What this task involves: Wherever a picture appears in the data below, omit it, and restate everything else word for word.

Data shown:
◇ ◇ ◇

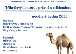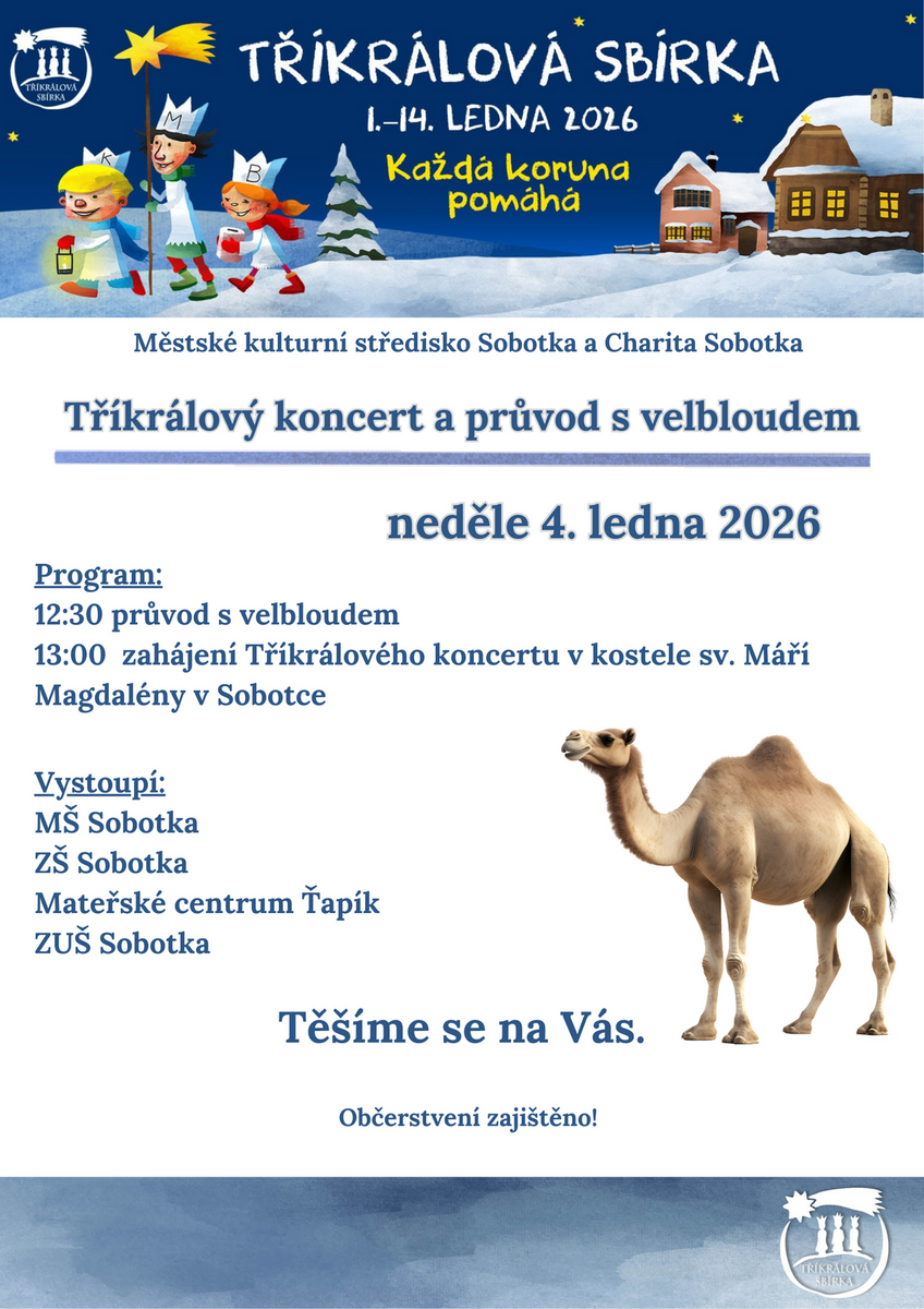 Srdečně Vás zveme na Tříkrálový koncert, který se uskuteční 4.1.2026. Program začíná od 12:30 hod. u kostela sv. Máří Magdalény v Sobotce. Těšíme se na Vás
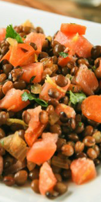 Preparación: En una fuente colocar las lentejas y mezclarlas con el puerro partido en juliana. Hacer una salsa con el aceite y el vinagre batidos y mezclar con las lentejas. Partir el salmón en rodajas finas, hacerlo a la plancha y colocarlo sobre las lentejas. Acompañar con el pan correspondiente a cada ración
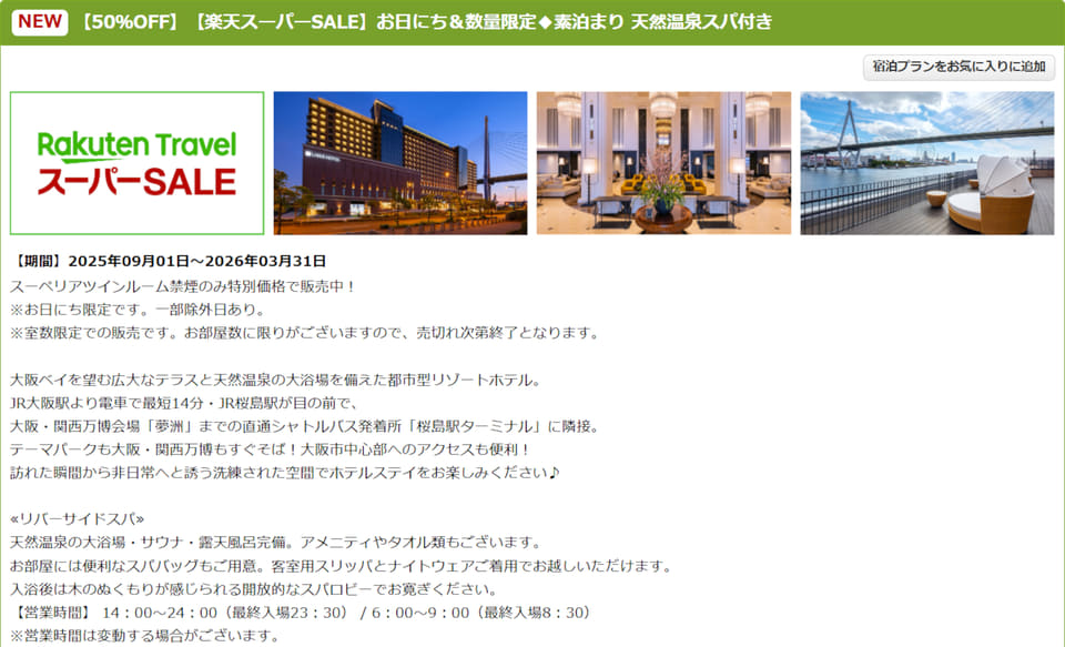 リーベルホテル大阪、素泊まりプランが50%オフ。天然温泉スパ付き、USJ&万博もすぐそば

◇ ◇ ◇

Final answer:
 Srdečně Vás zveme na Tříkrálový koncert, který se uskuteční 4.1.2026. Program začíná od 12:30 hod. u kostela sv. Máří Magdalény v Sobotce. Těšíme se na Vás
 Preparación: En una fuente colocar las lentejas y mezclarlas con el puerro partido en juliana. Hacer una salsa con el aceite y el vinagre batidos y mezclar con las lentejas. Partir el salmón en rodajas finas, hacerlo a la plancha y colocarlo sobre las lentejas. Acompañar con el pan correspondiente a cada ración
 リーベルホテル大阪、素泊まりプランが50%オフ。天然温泉スパ付き、USJ&万博もすぐそば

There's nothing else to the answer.